WHAT YOU SHOULD DO »
In the records that follow, find the line containing "Relingi z wysokiej" and the line containing "月 06 日訊】好,接著帶您看到,美國國務卿蓬佩奧,本週一,在美國愛荷華州發表演講,他批評,中國的社會主義制度", then transcribe both and every line between them exactly, omitting pictures.
=== ENTRIES PROVIDED ===
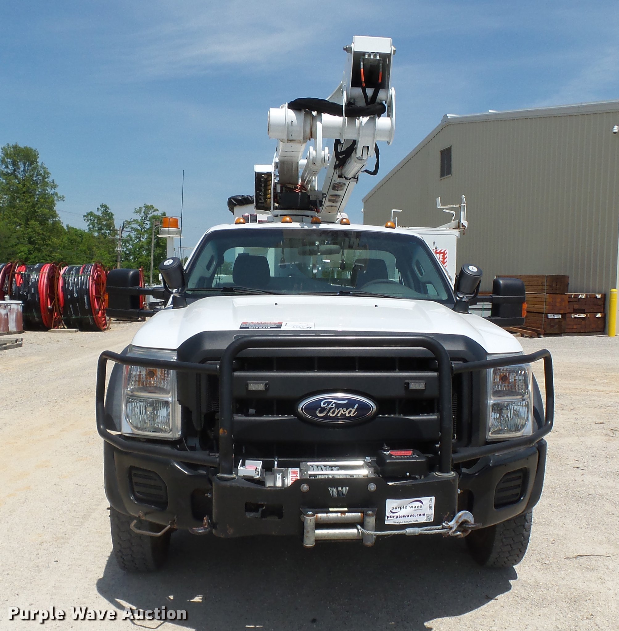 2011 Ford F550 Super Duty bucket truck. 127,394 miles on odometer, 1,276 PTO hours on meter, 6.8L V10 gas engine, Automatic transmission, Four wheel drive, Single axle, AC and heat, AM/FM, Power windows, locks, and mirorrs, Suspension seat, Trailer brake controller, Auxiliary controls, Backup alarm, PTO, Beacon light, Front tow hooks, Altec 13'4"L utility bed Shelving, Slide-out drawers, Catwalk, Work lights, Serial 27165966371010, Warn winch 15,000 lbs capacity, My-TE rope winch 800 lbs capacity, 2010 Altec AT40M boom 40' maximum lift height, Platform and ground controls, Boom rotation, Articulating, insulated, telescopic boom, Rope material handler, Outrigges, Certification valid through September 2018, Single fuel tank, Pintle hitch, Trailer wiring, 165" wheelbase, Spring suspension, Hydraulic brakes, 225/70R19.5 tires, GVWR 19,500 lbs, View Aerial Device Test Report , Unit# 44. View repairs. Missouri title. 1FDUF5HY7BEA30167. Ozark Border Electric Cooperative. 3281 S Westwood Blvd. Poplar Bluff, MO 63901
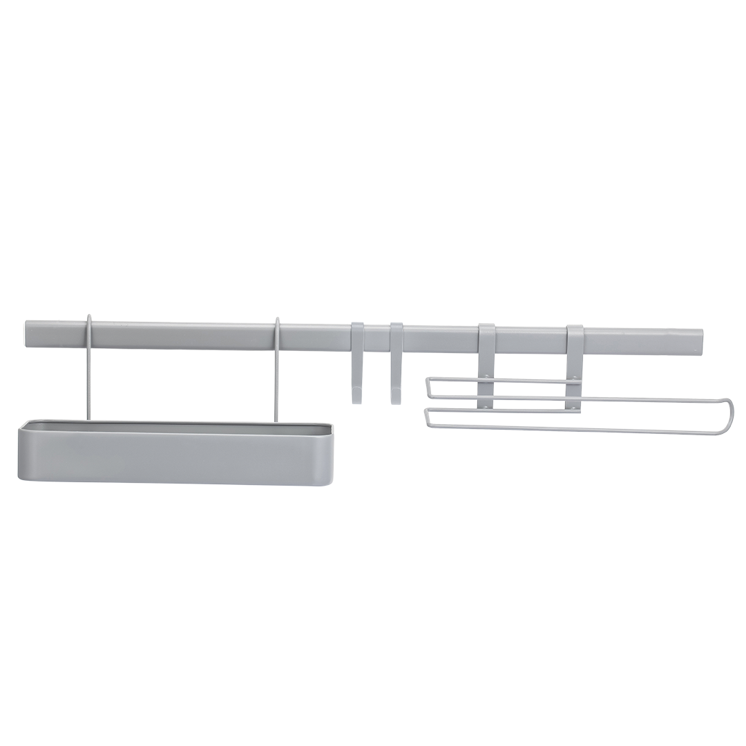 Relingi z wysokiej wytrzymałości stali oraz akcesoria stanowią nieodzowny dodatek wyposażenia kuchni o niewielkich gabarytach z dużą ilością szafek. Szeroka gama modeli w łatwy sposób pomoże nam uporządkować zarówno przybory kuchenne, jak i inne rzeczy obowiązkowo znajdujące się w naszych szufladach. Zyskujemy więcej wolnej przestrzeni na kuchennym blacie, dzięki możliwości stworzenia zestawu według własnej kompozycji. Wszelkie pojemniki, póki, wieszaki, uchwyty oraz półki na ręcznik papierowy można skomponować z relingami występującymi w różnych rozmiarach poprzez zawieszenie ich specjalnych haczykach czy bezpośrednio na relingu. Kolekcja dostępna jest w różnych wykończeniach kolorystycznych.
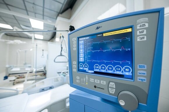 Реанимационные койки оборудованы специальными консолями для подачи трех видов медицинских газов – кислорода, вакуума и сжатого воздуха – для проведения полного комплекса респираторной (дыхательной) поддержки пациентам, включая применение инвазивных и неинвазивных методов.
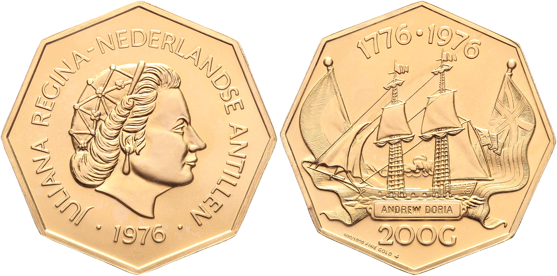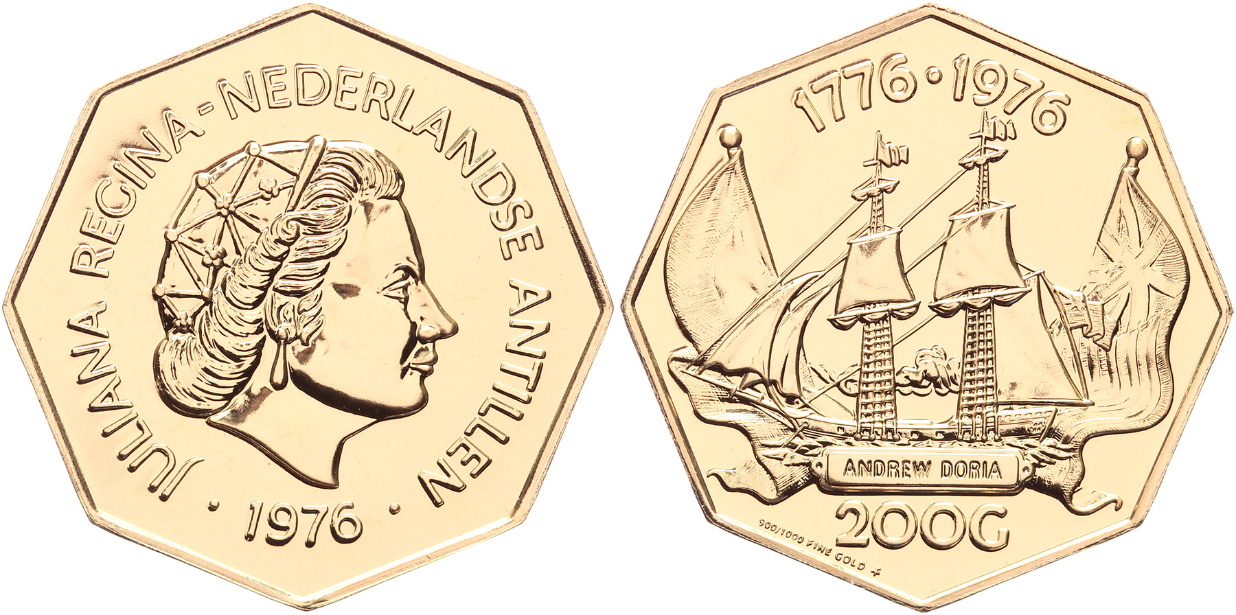 Lot (2) 200 Gulden 1976 - Andrew Doria. KM 16; Fr. 1. Vrijwel UNC / Proof.
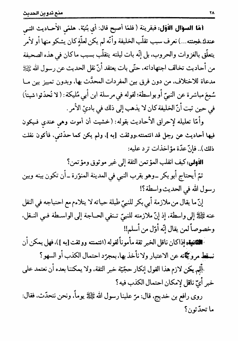 منع تدوين الحديث، قراءة في منهجة الفكر وأصول مدرستي الحديث عند المسلمين
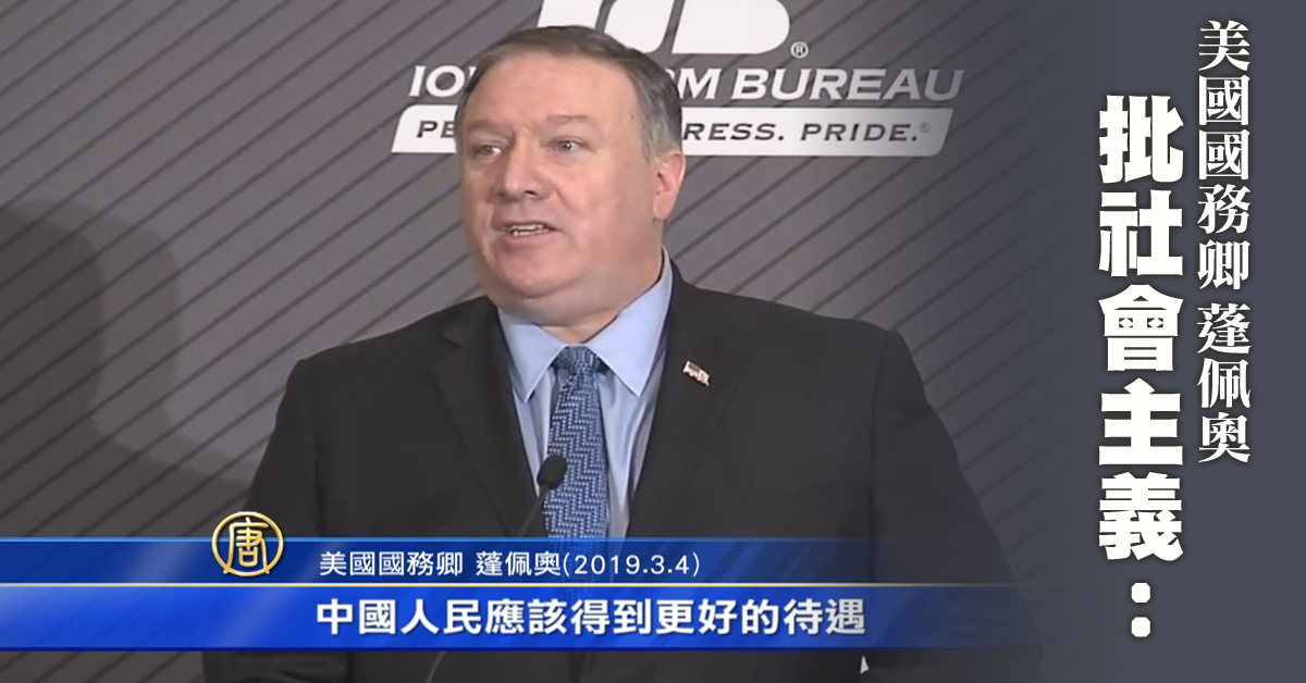 【新唐人亞太台 2019 年 03 月 06 日訊】好,接著帶您看到,美國國務卿蓬佩奧,本週一,在美國愛荷華州發表演講,他批評,中國的社會主義制度 正在導致那些被迫生活在中共政權之下的「受害者」患病和死亡。蓬佩奧在演講中強調,中國人民 「應該得到更好的待遇」。
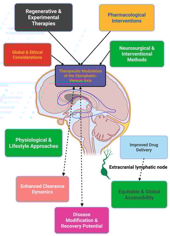 Many of the experimental manipulations may be capable of modulating clearance. These include methods for restoration of astroglial polarity (e.g., GLP-1 receptor agonists), promotion of oscillatory drivers (sleep protection, gamma entrainment, respiratory synchrony), enhancement of lymphatic function (PGF2α, VEGF-C), and alleviation of venous congestion (stenting, optimized ventilation strategies). These methods are presumed to be mechanistically distinct, indicating that possible combinations of methods may be feasible. The majority of evidence remains in the preclinical proof stage; strategies will require judicious translation to humans. Regulators of the glymphatic–venous axis comprise the molecular, rhythmic, immune, lymphatic, and venous dimensions [9,62]. They seem to work in concert, with sensitivity to sleep, circadian rhythms, pharmacology, systemic physiology, and pathology. While recent work has provided unprecedented mechanistic depth, much is still uncertain, especially for human physiology, regional specificity, and translatability. A fuller characterization of these regulators may provide avenues for targeting clearance; however, the area is still in an embryonic stage [63].
===
EXERCISE ANSWER »
 Relingi z wysokiej wytrzymałości stali oraz akcesoria stanowią nieodzowny dodatek wyposażenia kuchni o niewielkich gabarytach z dużą ilością szafek. Szeroka gama modeli w łatwy sposób pomoże nam uporządkować zarówno przybory kuchenne, jak i inne rzeczy obowiązkowo znajdujące się w naszych szufladach. Zyskujemy więcej wolnej przestrzeni na kuchennym blacie, dzięki możliwości stworzenia zestawu według własnej kompozycji. Wszelkie pojemniki, póki, wieszaki, uchwyty oraz półki na ręcznik papierowy można skomponować z relingami występującymi w różnych rozmiarach poprzez zawieszenie ich specjalnych haczykach czy bezpośrednio na relingu. Kolekcja dostępna jest w różnych wykończeniach kolorystycznych.
 Реанимационные койки оборудованы специальными консолями для подачи трех видов медицинских газов – кислорода, вакуума и сжатого воздуха – для проведения полного комплекса респираторной (дыхательной) поддержки пациентам, включая применение инвазивных и неинвазивных методов.
 Lot (2) 200 Gulden 1976 - Andrew Doria. KM 16; Fr. 1. Vrijwel UNC / Proof.
 منع تدوين الحديث، قراءة في منهجة الفكر وأصول مدرستي الحديث عند المسلمين
 【新唐人亞太台 2019 年 03 月 06 日訊】好,接著帶您看到,美國國務卿蓬佩奧,本週一,在美國愛荷華州發表演講,他批評,中國的社會主義制度 正在導致那些被迫生活在中共政權之下的「受害者」患病和死亡。蓬佩奧在演講中強調,中國人民 「應該得到更好的待遇」。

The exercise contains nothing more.